# What you need to do:
Write out the data word for word, taking care that no picture is carried over.
** Data below follows **
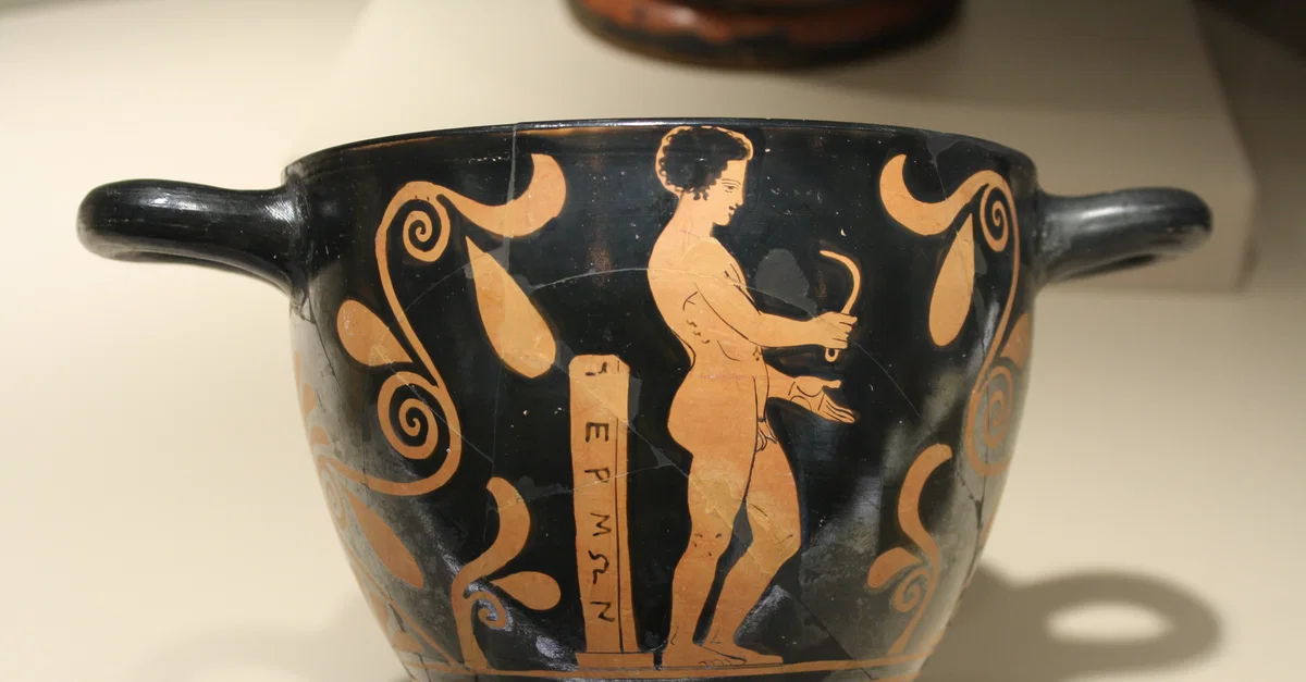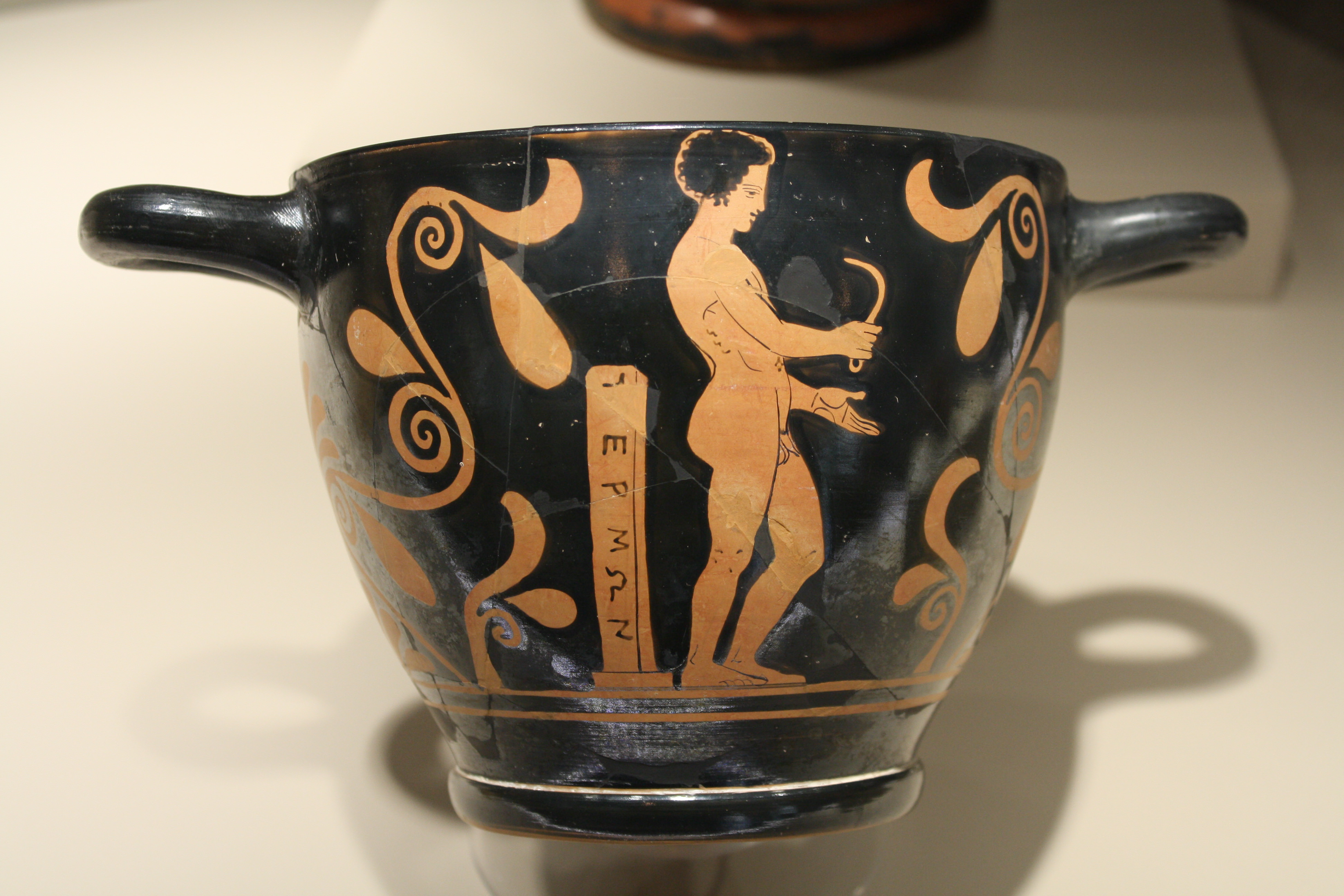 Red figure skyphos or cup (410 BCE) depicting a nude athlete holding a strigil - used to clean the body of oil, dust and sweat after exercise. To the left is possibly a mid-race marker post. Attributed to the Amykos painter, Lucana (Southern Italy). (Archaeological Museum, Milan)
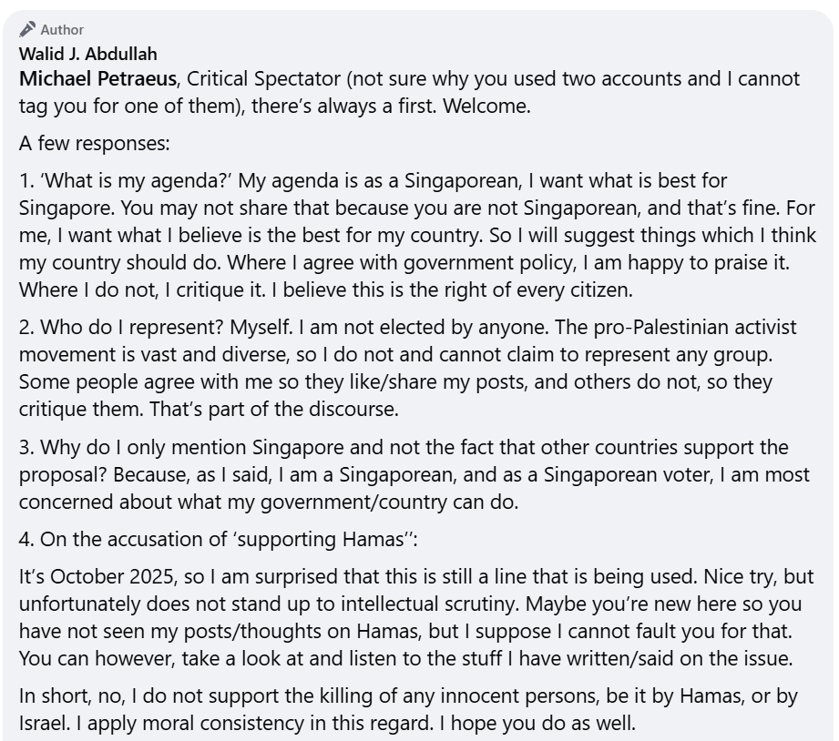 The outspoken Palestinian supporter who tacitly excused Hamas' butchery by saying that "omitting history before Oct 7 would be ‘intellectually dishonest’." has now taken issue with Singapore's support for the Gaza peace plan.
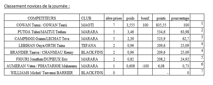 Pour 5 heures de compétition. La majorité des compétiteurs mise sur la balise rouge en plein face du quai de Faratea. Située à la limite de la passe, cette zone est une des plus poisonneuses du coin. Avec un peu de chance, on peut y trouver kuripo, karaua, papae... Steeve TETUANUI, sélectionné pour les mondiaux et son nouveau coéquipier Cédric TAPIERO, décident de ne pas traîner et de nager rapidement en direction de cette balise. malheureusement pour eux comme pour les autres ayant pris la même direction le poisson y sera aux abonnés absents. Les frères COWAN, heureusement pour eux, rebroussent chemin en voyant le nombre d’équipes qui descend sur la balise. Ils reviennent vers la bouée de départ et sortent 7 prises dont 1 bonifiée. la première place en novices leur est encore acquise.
** End of Data below **
# Answer below:
 Red figure skyphos or cup (410 BCE) depicting a nude athlete holding a strigil - used to clean the body of oil, dust and sweat after exercise. To the left is possibly a mid-race marker post. Attributed to the Amykos painter, Lucana (Southern Italy). (Archaeological Museum, Milan)
 The outspoken Palestinian supporter who tacitly excused Hamas' butchery by saying that "omitting history before Oct 7 would be ‘intellectually dishonest’." has now taken issue with Singapore's support for the Gaza peace plan.
 Pour 5 heures de compétition. La majorité des compétiteurs mise sur la balise rouge en plein face du quai de Faratea. Située à la limite de la passe, cette zone est une des plus poisonneuses du coin. Avec un peu de chance, on peut y trouver kuripo, karaua, papae... Steeve TETUANUI, sélectionné pour les mondiaux et son nouveau coéquipier Cédric TAPIERO, décident de ne pas traîner et de nager rapidement en direction de cette balise. malheureusement pour eux comme pour les autres ayant pris la même direction le poisson y sera aux abonnés absents. Les frères COWAN, heureusement pour eux, rebroussent chemin en voyant le nombre d’équipes qui descend sur la balise. Ils reviennent vers la bouée de départ et sortent 7 prises dont 1 bonifiée. la première place en novices leur est encore acquise.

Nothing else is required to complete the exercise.